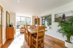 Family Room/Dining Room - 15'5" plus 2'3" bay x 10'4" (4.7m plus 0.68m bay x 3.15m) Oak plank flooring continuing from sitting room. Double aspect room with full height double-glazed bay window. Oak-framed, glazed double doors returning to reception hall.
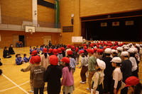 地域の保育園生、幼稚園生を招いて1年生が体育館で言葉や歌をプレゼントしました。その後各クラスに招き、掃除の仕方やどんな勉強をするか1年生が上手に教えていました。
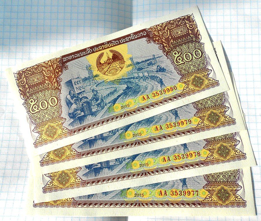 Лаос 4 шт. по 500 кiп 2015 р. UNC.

◇ ◇ ◇ ◇ ◇

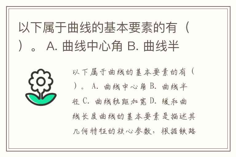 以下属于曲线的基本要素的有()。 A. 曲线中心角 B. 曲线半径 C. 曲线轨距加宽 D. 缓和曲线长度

◇ ◇ ◇ ◇ ◇

Starting at the line above that holds "Family Room/Dining Room", repeat every line exactly down to and including the line that holds "Лаос 4 шт. по 500 кiп 2015 р. UNC.", then stop. Do not carry over any pictures.

 Family Room/Dining Room - 15'5" plus 2'3" bay x 10'4" (4.7m plus 0.68m bay x 3.15m) Oak plank flooring continuing from sitting room. Double aspect room with full height double-glazed bay window. Oak-framed, glazed double doors returning to reception hall.
 地域の保育園生、幼稚園生を招いて1年生が体育館で言葉や歌をプレゼントしました。その後各クラスに招き、掃除の仕方やどんな勉強をするか1年生が上手に教えていました。
 Лаос 4 шт. по 500 кiп 2015 р. UNC.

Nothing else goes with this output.